Si un investigador quiere desarrollar medios para destruir a sus semejantes, seguro encontrará apoyo y recursos económicos; aunque no recibirá el mismo respaldo quien realice estudios sobre padecimientos como la malaria o el mal de Chagas (enfermedad parasitaria, común en América Latina), agregó.

Durante su participación en la conferencia Ciencia y guerra, realizada dentro del ciclo “Ciencia, conciencia y café” que organiza la Facultad de Estudios Superiores (FES) Cuautitlán, en la Casa de Francia, indicó que las guerras de ahora no requieren de mucha gente y “dudo mucho que reactiven economí­as”. Quien echa andar un movimiento armado sólo busca un beneficio polí­tico-electoral y, lo más importante, afianzar su dominio, sostuvo.

Es cierto que los cientí­ficos hacen su esfuerzo, pero también hay una necesidad muy grande de los polí­ticos por mostrar su poderí­o, razón por la cual después de la Segunda Guerra se han creado armas cada vez más poderosas.

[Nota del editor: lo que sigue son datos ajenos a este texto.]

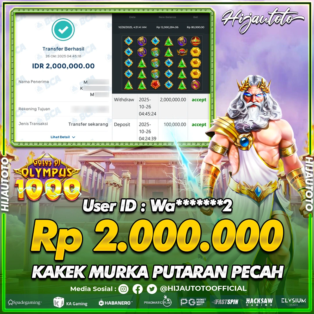 Selamat datang di HIJAUTOTO, tempatnya seru-seruan dan cuan besar! Mulai main cukup dengan modal Rp5.000 aja, taruhan super murah dari Rp100 perak! Mau main slot yang penuh warna? Atau togel dari 20 pasaran paling hits? Atau mungkin tembak ikan yang bikin deg-degan? Tenang, ada juga taruhan bola, sabung ayam, dan live casino yang bikin suasana makin hidup! Daftar sekarang dan dapetin bonus new member 100% langsung, biar modalmu makin tebal. Deposit gampang banget, bisa pakai QRIS, dan kalau butuh bantuan, customer service kita siap 24 jam nonstop. Jadi, tunggu apa lagi? Yuk, gabung dan bawa pulang kemenangannya cuma di HIJAUTOTO!
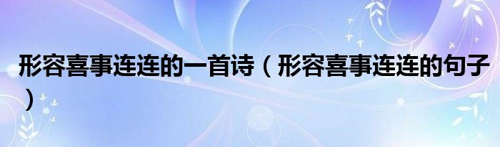 您好,今天帅帅来为大家解答以上的问题。形容喜事连连的一首诗,形容喜事连连的句子相信很多小伙伴还不知道,现在让我们一起来看看吧!
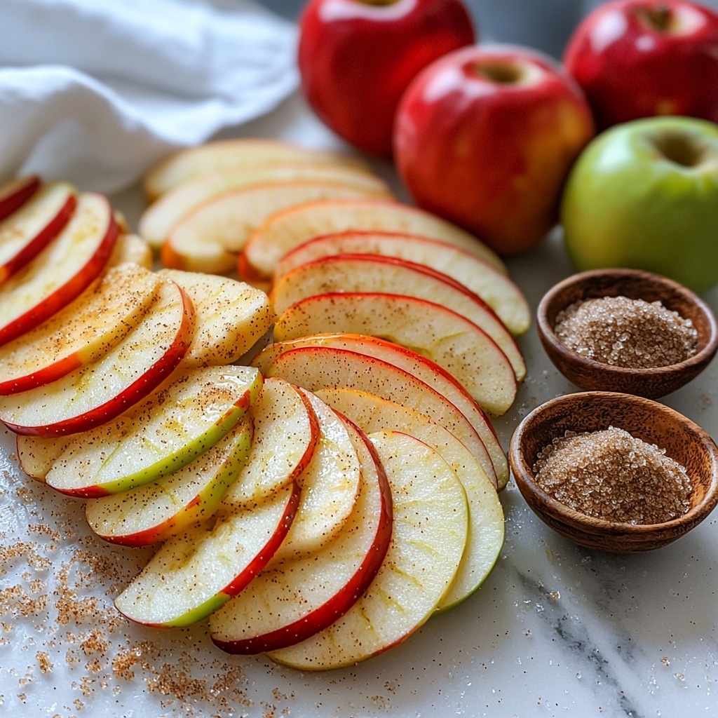 - Add Cinnamon Sugar (Optional): Sprinkle cinnamon sugar evenly over the apple slices if you like a sweet spice flavor. This step is optional and can be adjusted to taste.

Es por ello que los investigadores, apuntó José Antonio de la Peña, director del Instituto de Matemáticas Aplicadas, deben hacer un trabajo polí­tico intenso frente a los gobiernos de los paí­ses para convencerlos de no aumentar la carrera armamentista y para mostrar a la opinión pública los peligros de usar la ciencia de manera inadecuada o destructiva.

Consideró que “sólo la presión pública puede hacer que los gobiernos reaccionen”. Sin embargo, ésta será una carrera perdida mientras sólo se responda a intereses económicos.

Afirmó que fue durante la Segunda Guerra Mundial, con el uso de la bomba atómica, cuando cambió la percepción de los gobiernos sobre el uso y control de la ciencia.

Aunque en aquellos dí­as, la posición de muchos cientí­ficos fue la de intervenir en el esfuerzo de la guerra porque se trataba de una lucha contra el militarismo de los nazis, aclaró.

En este contexto, subrayó, la lí­nea moral que divide lo bueno de lo malo en cuestiones bélicas es siempre muy difí­cil de tratar, porque en ciencia no se puede decir “no hagas esto porque podrí­a tener implicaciones peligrosas; de todos modos, si no lo hace un cientí­fico, lo hará otro”, concluyó.